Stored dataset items

===

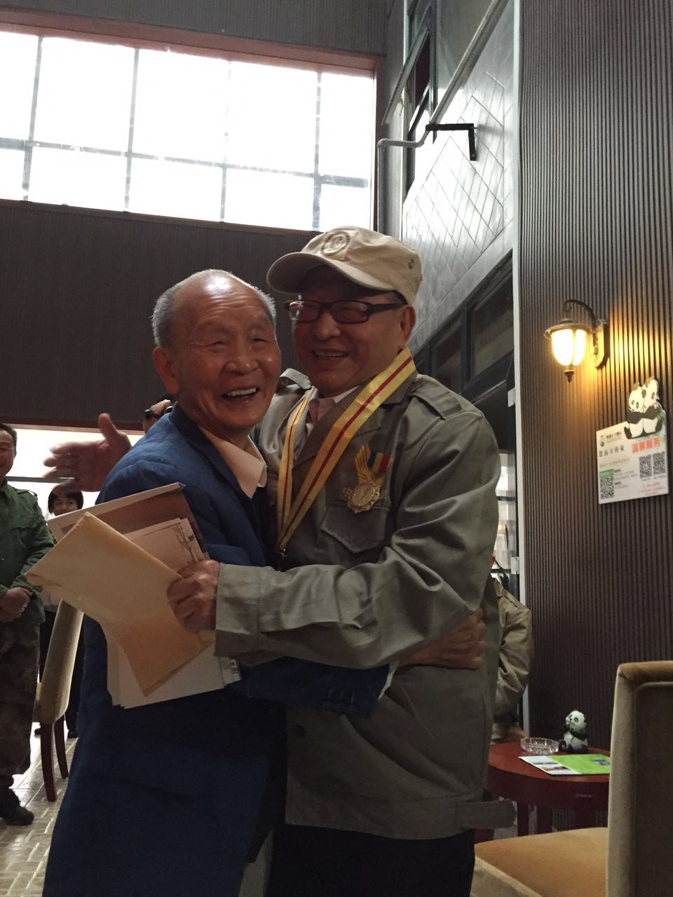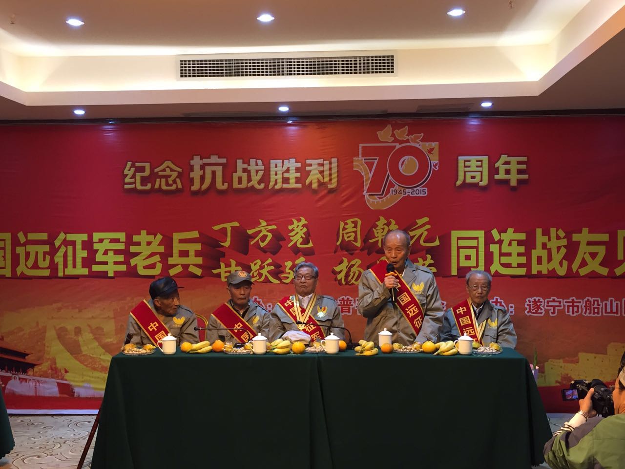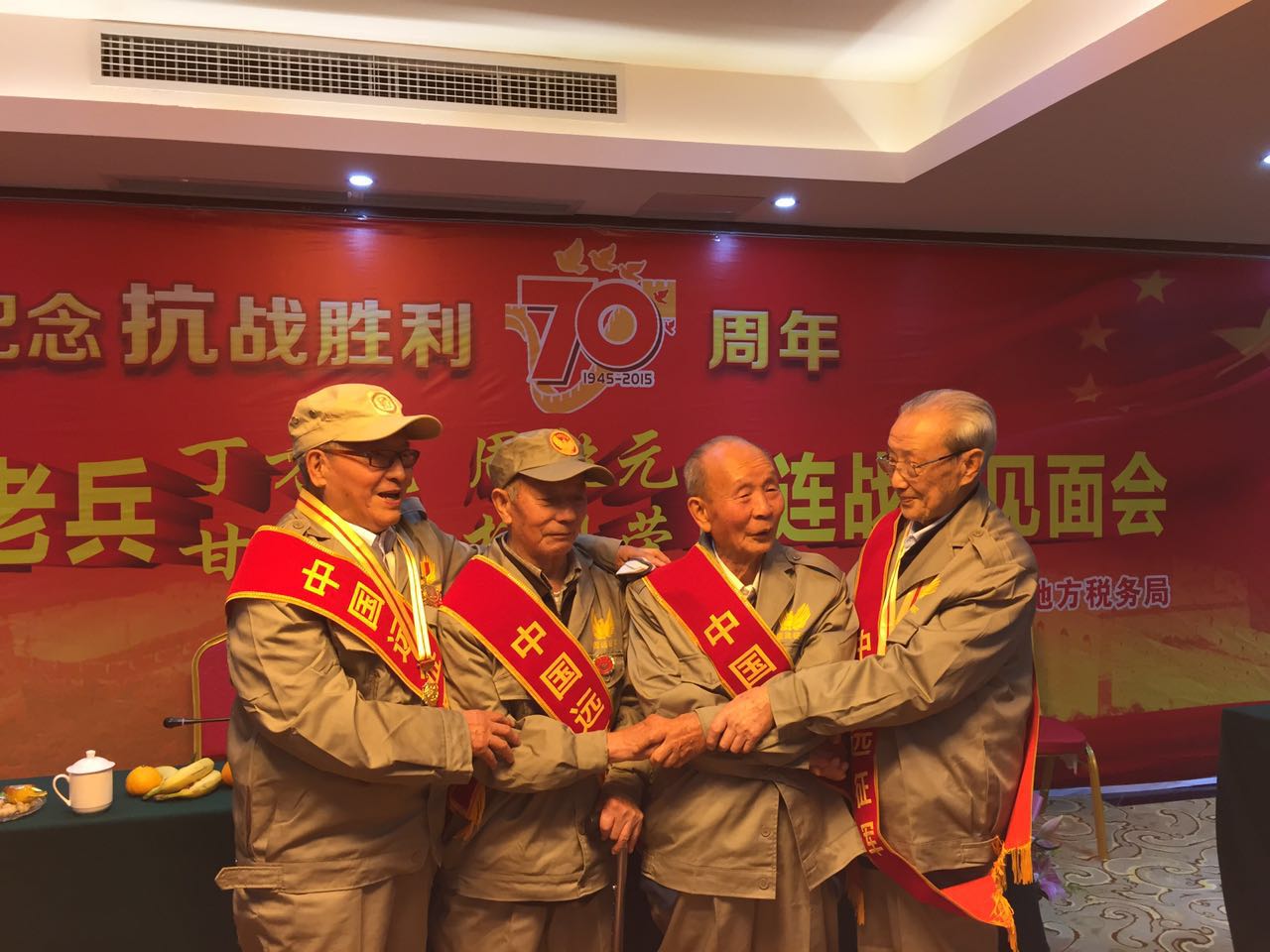 在抗战胜利经历了70年的岁月洗礼,他们有着不一样的人生,但内心却有着在有生之年再见老战友的共同心愿。2015年10月31日,在四川省普善公益协会的组织,以及遂宁市船山区地税局的资助下,五名远征军抗日老兵丁方荛、周乾元、甘跃廷、杨恩荣、危孝伦(除危孝伦外其余四人是同连战友)在四川遂宁熊猫王子酒店会面。
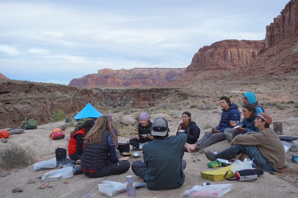 With almost no permanent inhabitants, the area inbetween Hanksville and Moab is one of the darkest places in the Lower 48. Arriving at Granary Springs at 8:00PM, the only thing visible was a long abandoned shack with the words “Motel 6” spray-painted across its corrugated tin facade. Those of us hoping for a hot tub, or at least of hot shower, were disappointed. In fact, as we exited the van we realized quickly that while we drove the temperature outside had dropped to near freezing. We hustled to pull headlamps, puffy jackets, and puffy pants from our packs. After a quick dinner and camp set up, everyone was happy to crawl into their sleeping bags.
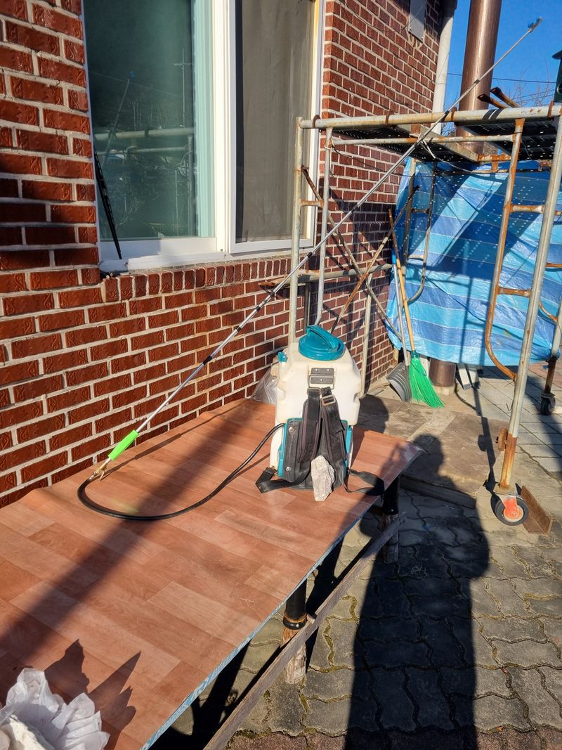 안녕하세요. 오늘은 저희집 창고옆 기존밤나무 자세히 살펴 보아도 이상무 궁리 끝에 창고 지붕에올라가서 살펴보니 이곳엔 왕진드기가 한곳에 모여있지 아니하고 가지 끝에 분산 되어 있어요. 저희 별별궁리끝에 옛 수동 분무대를 이용 기존 분무 대에 추가로 연결하여 밤나무 가...
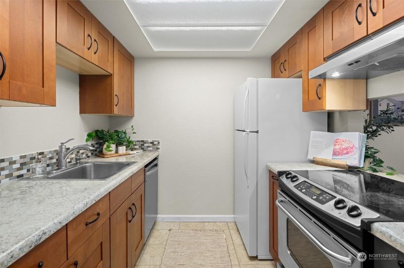 The fully remodeled kitchen includes softclose cabinets (), complemented by new hardware, light fixtures, and door knobs (). Secure private lobby entry adds peace of mind. Owner covers water, sewer, and garbage, keeping monthly costs simple and predictable.
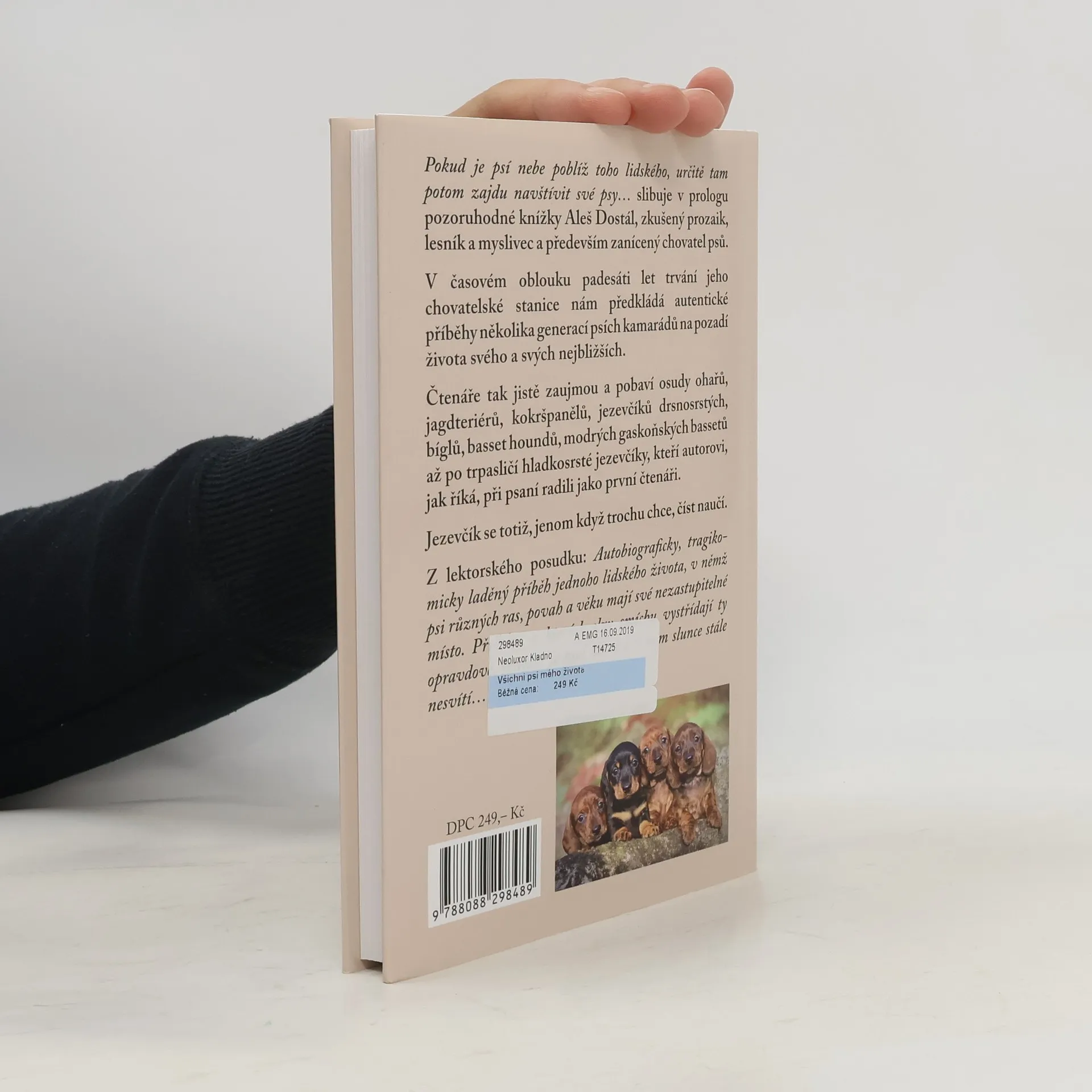Osudy ohařů, jagdteriérů, kokršpanělů, jezevčíků drsnosrstých, bíglů, basset houndů, modrých gaskoňských bassetů až po trpasličí hladkosrsté jezevčíky, kteří autorovi, jak říká, při psaní radili jako první čtenáři. Jezevčík se totiž, jenom když trochu chce, číst naučí. Autobiograficky, tragikomicky laděný příběh jednoho lidského života, v němž psi různých ras, povah a věku mají své nezastupitelné místo. Nakladatelská anotace. Kráceno.
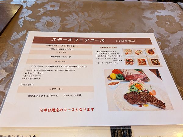 どれも美味しそうで迷ってしまいますが、今回は平日限定のステーキフェアコースを選択しました。
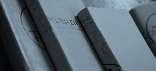 Vus dans la bibliothèque, des couvertures de livres de poche issus de sacs Hermès…
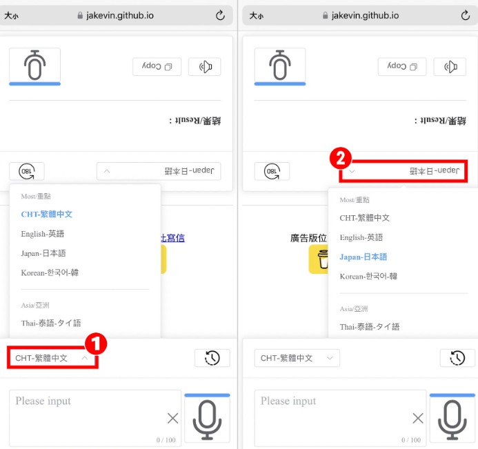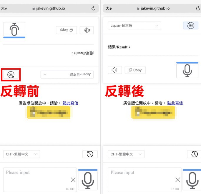 打開 GPT 旅行翻譯器網頁之後,就會看到畫面,雙向都有翻譯功能,一個面向你,另一個面向對方,方便雙方閱讀。另外這翻譯器是串接 ChatGPT,不是 Google 翻譯這種免費服務,開發者完全免費讓大家使用,因此會有廣告,有時候還會有彈出式廣告,這部分就要接受一下。
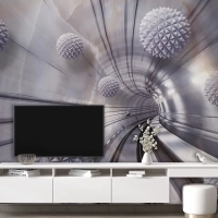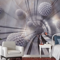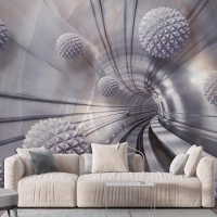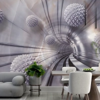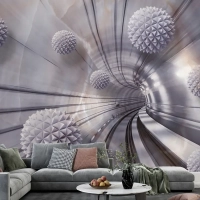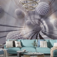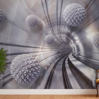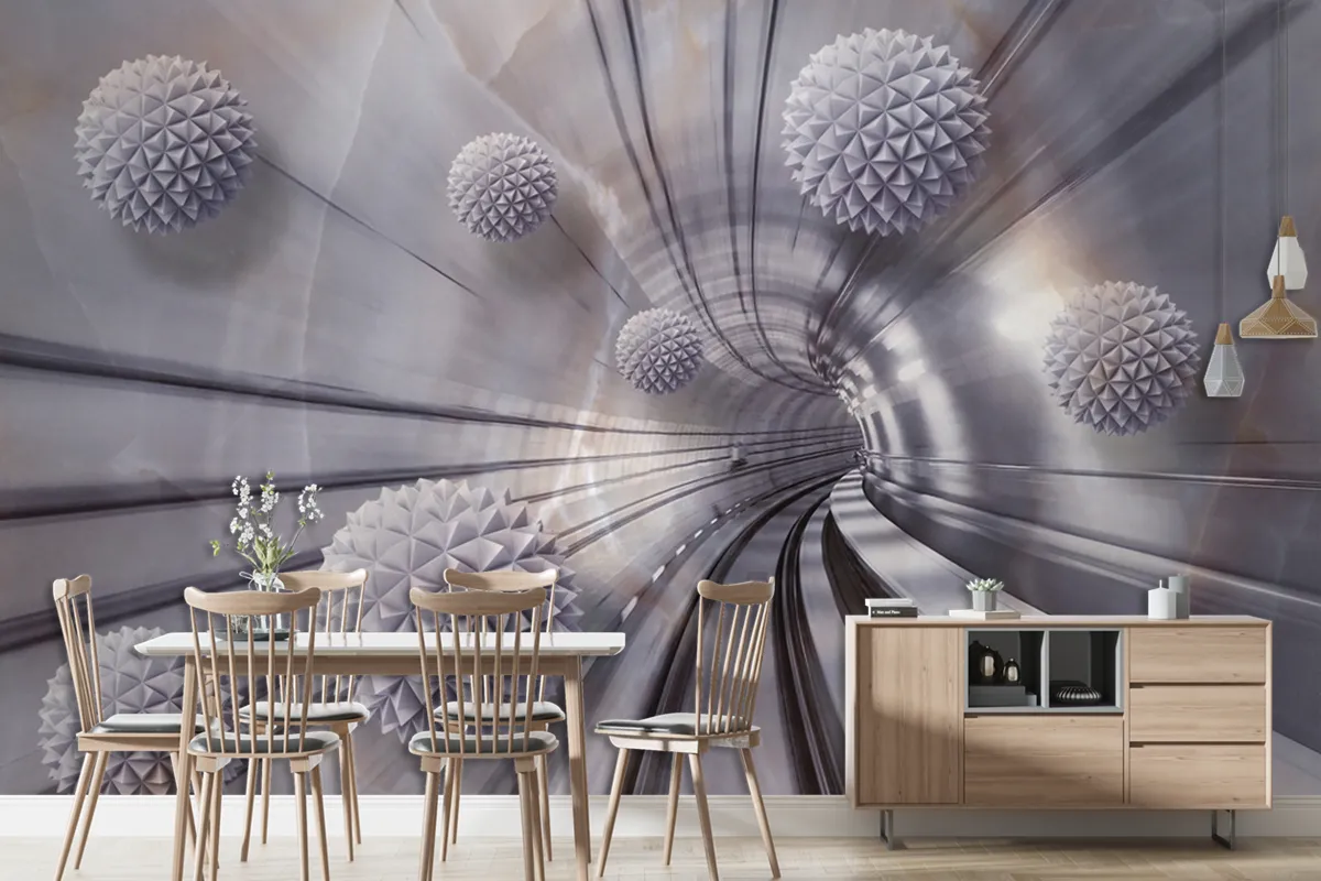 3D Toplar Ve Tren Rayı Tünel Duvar Kağıdı

===

PROBLEM DETAILS
Beginning with the line containing "Vus dans la" and ending with the last line of the data above, repeat each line exactly. Include no pictures and no other lines.

YOUR SOLUTION
 Vus dans la bibliothèque, des couvertures de livres de poche issus de sacs Hermès…
 打開 GPT 旅行翻譯器網頁之後,就會看到畫面,雙向都有翻譯功能,一個面向你,另一個面向對方,方便雙方閱讀。另外這翻譯器是串接 ChatGPT,不是 Google 翻譯這種免費服務,開發者完全免費讓大家使用,因此會有廣告,有時候還會有彈出式廣告,這部分就要接受一下。
 3D Toplar Ve Tren Rayı Tünel Duvar Kağıdı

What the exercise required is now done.